Pour être honnête, je suis terriblement occupée, ce qui me laisse peu de temps pour lire, mais si je devais citer mes auteures préférées… Kelly Sue DeConnick, bien sûr, parce qu’elle est géniale ; G. Willow Wilson, bien sûr, géniale aussi ; ce sont mes deux chouchous… Il y a Kate Leth, aussi, elle est en train de monter en puissance : elle écrit Edward Scissorhands [Edward aux mains d’argent] et Bravest Warriors il me semble, c’est une personnalité jeune et pétillante, j’aime beaucoup sa plume. Sinon… oh, bon sang, qui… j’ai un trou, désolée. C’est mon trio de tête, mais il y en a une… Je sais qu’Emma Rios a commencé à écrire ; je n’ai encore rien lu d’elle en tant que scénariste, j’ai hâte, elle est si talentueuse… Oh, Ming Doyle ! Ma toute meilleure amie dans le milieu, je l’adore, j’ai tellement d’affection pour elle. Elle écrit Constantine, et ça déchire, elle est formidable, je sais qu’elle l’écrit en tandem avec quelqu’un [James Tynion IV], mais je suis persuadée qu’elle est parfaitement capable d’écrire toute seule, j’ai hâte de voir où elle va aller, parce qu’elle un sacré cerveau, très fécond. Oh, elle est si brillante ! Becky Cloonan aussi, bien sûr, j’adorerais voir Becky écrire en solo ; je sais qu’elle travaille en tandem [sur Gotham Academy] avec Brenden Fletcher, qui est génial. Mais, voyez, c’est un autre point qui m’agace : tous ces titres avec des héroïnes, écrits par des femmes en tandem avec des hommes… J’aime beaucoup toutes les personnes impliquées, mais je ne puis m’empêcher de tiquer : les femmes n’ont pas besoin qu’on leur tienne la main… donnez-leur leur propre bouquin, merde ! Je vous assure qu’elles en sont capables ! Mais bon, je comprends, et j’espère qu’à l’avenir on n’aura plus besoin de les encadrer ainsi…
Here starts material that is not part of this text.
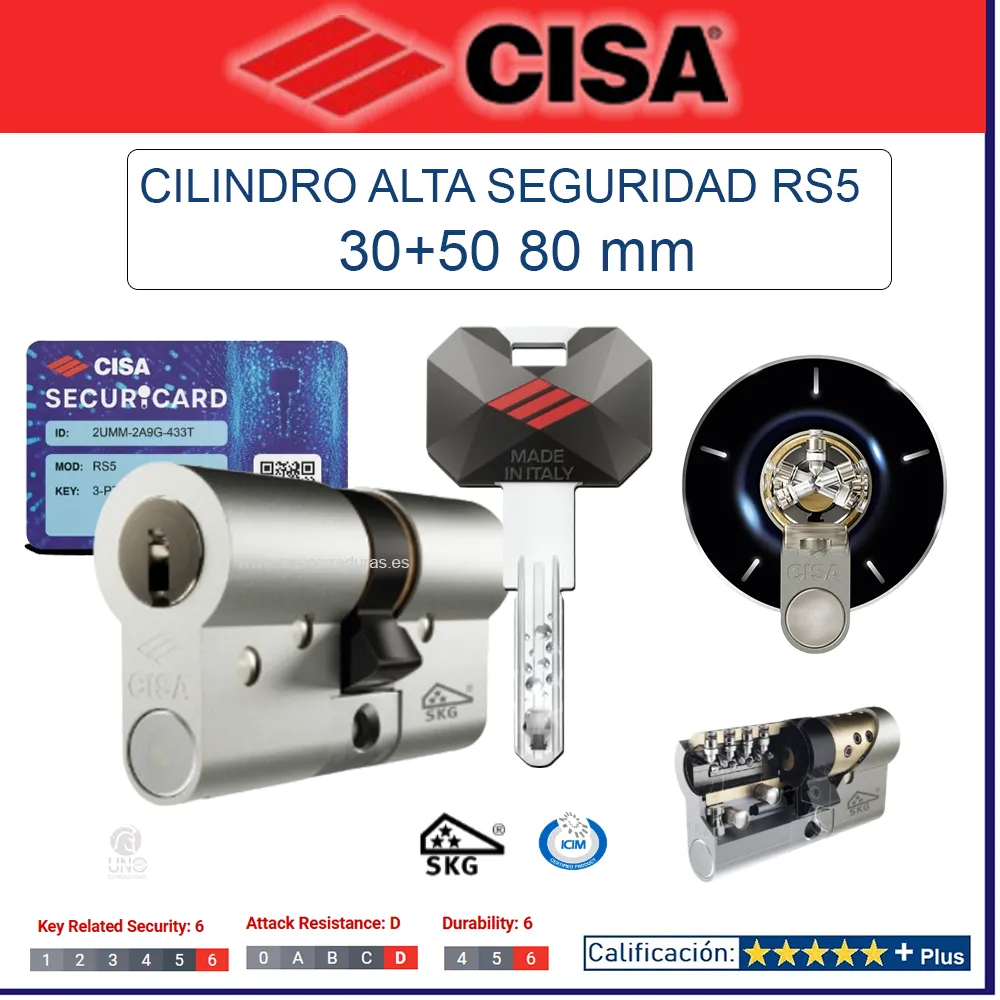 Cilindro CISA RS5, bombín alta seguridad, cilindro perfil europeo, cerradura CISA, sistema SECURiCARD, llave incopiable digital, cilindro antibumping.
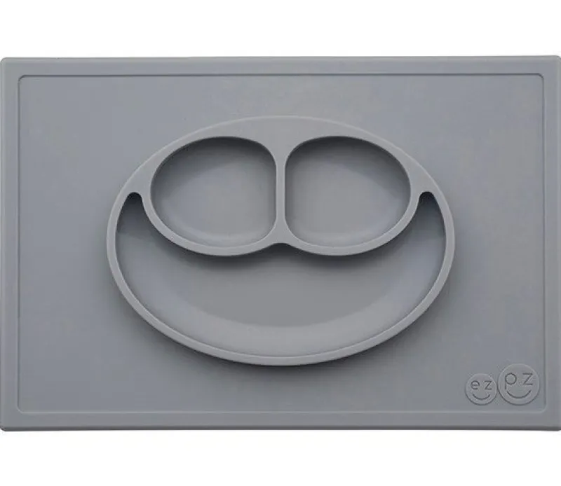Ezpz Happy Mat er en – alt i én – tallerken og dækkeserviet i et. Produceret af højeste EU standard silikone (100%) som er helt fri for BPA, Phthalater, eller PVC. Happy Mat suger sig helt fast til bordet således at barnet ikke kan tippe eller løfte selve tallerknen. Fantastisk at skabe sjove, spændende og dekorative måltider til barnet.

Enfin bref, voilà les femmes qui font vrombir mon moteur,  qui me font tripper. Mais j’entends sans cesse de nouveaux noms… et pas seulement des femmes. Là encore : j’aimerais voir toutes les minorités représentées, afin qu’elles ne soient plus dans la minorité, justement. J’aimerais pouvoir vous citer un ou une auteur gay, mais je ne suis même pas sûre de le pouvoir, car ils sont si peu nombreux dans le milieu… J’aimerais pouvoir citer un ou une auteur trans, mais je ne suis pas sûre d’en connaître. C’est… ça me met en rogne. C’est comme pour les réalisatrices, il y en a si peu de connues ; Kathryn Bigelow est la plus célèbre, je suis fan, mais… j’en veux plus. J’aimerais tellement que vous me demandiez « Jordie, qui sont tes auteures préférées » – même si j’espère qu’on n’en sera plus à poser ce genre de question dans dix ans, bien sûr, mais j’aimerais alors pouvoir citer tellement de femmes, avec des lesbiennes, des noires, des lesbiennes noires, toutes sortes de femmes… Mais pour l’heure, c’est tout juste si on peut citer dix auteures blanches vraiment géniales. J’en veux plus… Donnez-m’en plus ! C’est tout ce que je demande : qu’il y en ait plus.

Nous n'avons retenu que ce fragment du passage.